Abstract

An acetyl-coenzyme-A hydrolase from the supernatant fraction of rat liver is known to be rapidly inactivated at low temperature. Loss of catalytic activity is accompanied by apparent dissociation of tetrameric and dimeric forms of the enzyme into monomers. It was found that rewarming under appropriate conditions almost completely reversed the cold-induced inactivation and dissociation of the enzyme: At a protein concentration of 14 micrograms/ml, simple rewarming only partially restored the enzyme activity (less than 3% of the original activity), but at a higher concentration of the enzyme or in the presence of 1 mg/ml bovine serum albumin, the reactivation by warming was greater. Warming at 37 degrees C appeared to be optimal for reactivation; warming at 25 degrees C or at 43 degrees C was less effective. Longer exposure to cold did not affect reactivation on rewarming, but on repeated inactivation and reactivation the reactivation decreased to some extent, especially at lower concentrations of enzyme protein. Among various nucleotides tested, ATP greatly enhanced the restoration of the activity, while ITP, UTP and ADP were less effective and AMP, GTP, TTP and CTP had little effect.

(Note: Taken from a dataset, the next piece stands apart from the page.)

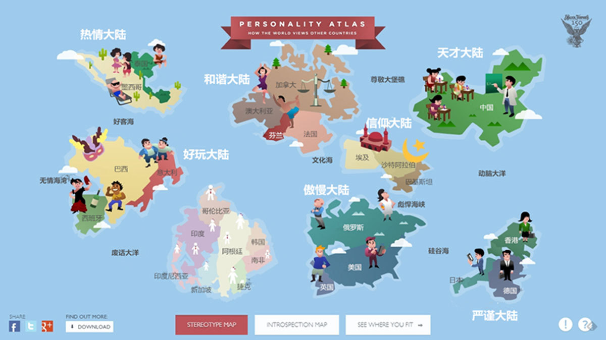 2015年,智威湯遜廣告公司(JWT)基於對來自27個國家和地區的6075名受訪者的調查,整理成了一份“全球性格地圖”(Personality Atlas),將不同國家和地區重新整合出了有趣的新大陸。

At an enzyme-protein concentration of 14 micrograms/ml, 2 mM ATP restored the enzyme activity to about 70% of that before cold treatment, while acetyl-CoA (0.5 mM) restored the activity about 50%. High concentrations of phosphate (0.92 M) and pyrophosphate (0.45 M) restored about 80% and 95%, respectively, of the original activity. Sucrose density gradient centrifugation of the active dimer at high enzyme concentration at 4 degrees C for 20 h produced a monomeric form without catalytic activity. Gel filtration showed that simple rewarming mostly converted the monomeric enzyme obtained in this way to the dimeric form, whereas on rewarming with ATP the monomer was mostly converted to a tetrameric form. The dimeric and tetrameric forms both had catalytic activity.